EP by AC/DC
- Released: 18 October 1984
- Recorded: November 1974; January 1976;
- Studio: Albert (Sydney)
- Genre: Hard rock; blues rock;
- Length: 24:22
- Label: Atlantic
- Producer: Harry Vanda; George Young;

AC/DC chronology
| Flick of the Switch (1983) | '74 Jailbreak (1984) | Fly on the Wall (1985) |

= '74 Jailbreak =

 '74 Jailbreak is the only EP by Australian rock band AC/DC, released on October 18, 1984. It is composed of five tracks that had previously been released only in Australia. Despite the EP's title, the song "Jailbreak" was actually recorded in 1976 and was originally released that year on the Australian version of the Dirty Deeds Done Dirt Cheap album. The EP's four other tracks were originally released on the Australian version of the band's debut album, High Voltage, recorded in 1974 and released early the following year.

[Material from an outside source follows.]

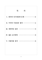 목차 목 차 Ⅰ. 한국의 인사청문회 문제 3 Ⅱ. 미국의 사전검증 철저 4 Ⅲ. 체계적인 절차 5 Ⅳ. 많은 조사항목 6 Ⅴ. 비판여론 방지 6 본문 Ⅰ. 한국의 인사청문회 문제 선진국 가운데 대통령이 지명한 장관 후보자 등을 대상으로 한국처럼 의회가 인사청문회를 가장 철저하게 실시하는 나라는 미국이다. 프랑스 영국 독일 등 주요 선진국들은 의원내각제이거나 이원집정부제여서 의회와 정당 내에서 자체적으로 마련한 검증 과정을 거치고 있다 한국은 관료들이 새로 임명될 때마다 인사청문회 문제로 심각한 어려움을 겪고 있다. 인사청문회는 장관 등의 관료에 대해서 자격을 심사하는 것으로서 인사 대상자에 대한 다양한 인적사항에 대해서 조사를 벌인다. 공직자는 업무수행능력도 중요하지만 도덕성도 중요한 요소로 평가된다. 고위 관직에서 업무를 통해 생산성을 향상시켜야 하기 때문에 낮은 도덕성을 가진 관료일 경우에는 부정부패의 문제가 발생하게 되는 것이다. 참고문헌 참고자료 http://www.hankyung.com/news/app/newsview.php?aid=2013013196941 <한국경제> http://news.sportsseoul.com/read/ptoday/1141665.htm <스포츠서울> http://www.kyongbuk.co.kr/main/news/news_content.php?id=612912&news_area=020&news_divide=&news_local=&effect=4 <경북일보> http://www.yeongnam.com/mnews/newsview.do?mode=newsView&newskey=20130214.010050736460001 <영남일보> http://www.kookje.co.kr/news2011/asp/newsbody.asp?code=1700&key=20130214.22031202809 <국제신문> http://news.inews24.com/php/news_view.php?g_serial=723893&g_menu=050220&rrf=nv <아이뉴스24> http://www.newstomato.com/ReadNews.aspx?no=334367 <뉴스토마토> http://www.newstomato.com/ReadNews.aspx?no=334338 <뉴스토마토> http://news.heraldcorp.com/view.php?ud=20130214000270&md=20130214100251_AN <헤럴드경제> http://news.chosun.com/site/data/html_dir/2013/02/14/2013021400237.html <조선일보> 하고 싶은 말 인사청문회 인사청문회 문제와 개선방안-미국사례 보고서 키워드 인사청문, 인사청문회, 인사청문회문제, 미국인사청문회 |

"Jailbreak" was released as a single with accompanying music video at the same time as the EP. '74 Jailbreak was later re-released worldwide in 2003 as part of the AC/DC Remasters series.

Professional ratings
Review scores
| Source | Rating |
| AllMusic | Star |
| Collector's Guide to Heavy Metal | 7/10 |

== Track listing ==

Side one
| No. | Title | Length |
|---|---|---|
| 1. | "Jailbreak" | 4:40 |
| 2. | "You Ain't Got a Hold on Me" | 3:31 |
| 3. | "Show Business" | 4:46 |
| Total length: |  | 12:57 |

Side two
| No. | Title | Writer(s) | Length |
|---|---|---|---|
| 4. | "Soul Stripper" | A. Young, M. Young | 6:25 |
| 5. | "Baby, Please Don't Go" | Big Joe Williams | 5:00 |
| Total length: |  |  | 11:25 24:22 |

== Personnel ==
AC/DC
- Bon Scott – lead vocals
- Angus Young – lead guitar (tracks 1 & 5), rhythm guitar
- Malcolm Young – rhythm guitar, lead guitar (tracks 2–4), backing vocals
- Mark Evans – bass guitar on "Jailbreak"
- Rob Bailey – bass guitar on all but "Jailbreak"
- Phil Rudd – drums on "Jailbreak"
- Peter Clack – drums on "Baby, Please Don't Go"
Session members
- Tony Currenti – drums on tracks 2–4
- George Young – production, backing vocals
- Harry Vanda – production

== Charts ==

2024 chart performance for '74 Jailbreak
| Chart (2024) | Peak position |
|---|---|
| Swiss Albums (Schweizer Hitparade) | 58 |

== Certifications ==

| Region | Certification | Certified units/sales |
| United States (RIAA) | Platinum | 1,000,000^{^} |
^{^} Shipments figures based on certification alone.